Indonesia Perlu Belajar dari Jepang Soal Manajemen Baliho

Pemilu 2024 yang acap kali kita sebut sebagai pesta demokrasi 5 tahunan ini baru saja berakhir. Salah satu strategi praktis yang masif digunakan dalam berkampanye adalah penggunaan baliho dan Alat Peraga Kampanye (APK) yang relevan lainnya. Baliho pemilu merupakan fenomena politik 5 tahun sekali yang hanya dipakai untuk beberapa minggu saja.

Sangat lazim kita temui ketika kita baru saja membuka pagar rumah, kita dihadapkan pada baliho-baliho dari para Calon Legislatif (Caleg) yang telah menguasai bahu jalan. Sayangnya, ada pula penggunaan APK seperti spanduk yang tidak sesuai pada tempatnya, seperti ditempelkan pada pohon-pohon yang menurut aturan dari KPU itu melanggar aturan. Padahal, di Pasal 34 peraturan Peraturan KPU No.15 Tahun 2023 tentang Kampanye Pemilihan Umum, disebutkan bahwa bahan kampanye wajib dipasang di lokasi yang tidak dilarang berdasarkan peraturan. Pemasangan juga mempertimbangkan etika, estetika, kebersihan, dan keindahan kota atau kawasan setempat. Namun, aturan ini seakan-akan tak diindahkan oleh para aktor-aktor politik yang berkampanye.

Selain itu, penggunaan baliho juga tentunya menghabiskan dana yang besar. Para Caleg bisa saja menghabiskan setidaknya ratusan juta rupiah hanya untuk alat peraga kampanye saja (baliho). Karena hal tersebut, praktik korupsi di kalangan aktor politik ini tidak dapat terhindarkan.

Papan baliho di Jepang. Sumber: Instagram/suci_amanda_illustration

Di pemukiman penduduk Jepang sangat jarang ditemui baliho. Kalaupun ada, penempatannya harus sesuai aturan dan harus rapi. Setiap Caleg hanya memiliki satu ruang tempel poster. Meski begitu, para Caleg di Jepang merasa sudah sangat cukup dengan regulasi-regulasi alat kampanye yang telah ditetapkan oleh pemerintahnya.

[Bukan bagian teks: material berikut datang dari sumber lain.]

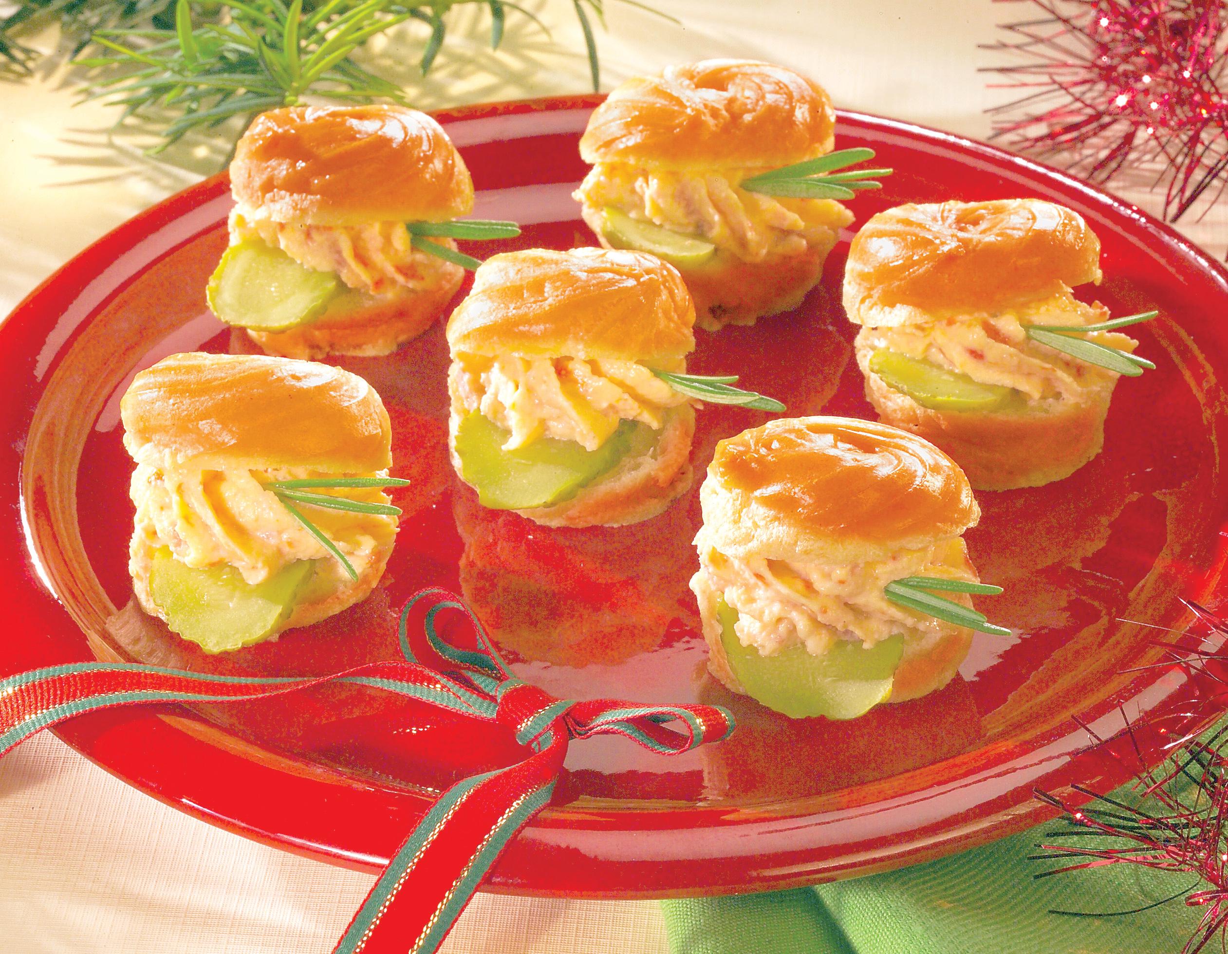 4. Se umple fiecare pateu cu cremă şi se decorează cu rozmarin şi castraveţi muraţi, feliaţi.

Sangat jarang juga ditemukan baliho atau spanduk yang tidak sesuai dengan tempatnya, karena Pemerintah Jepang telah menyediakan satu papan khusus dengan ukuran yang sama di beberapa titik untuk tim sukses kandidat menempelkan poster kandidatnya. Tujuannya adalah untuk menyamaratakan setiap kandidat agar tidak ada poster yang besar sendirian, serta agar masyarakat bisa menilai dan mengkomparasi kandidat-kandidat politisi dalam satu tempat. Hal yang paling penting adalah agar biaya politik yang dikeluarkan oleh politisi tidak besar, sehingga mencegah mereka untuk melakukan korupsi.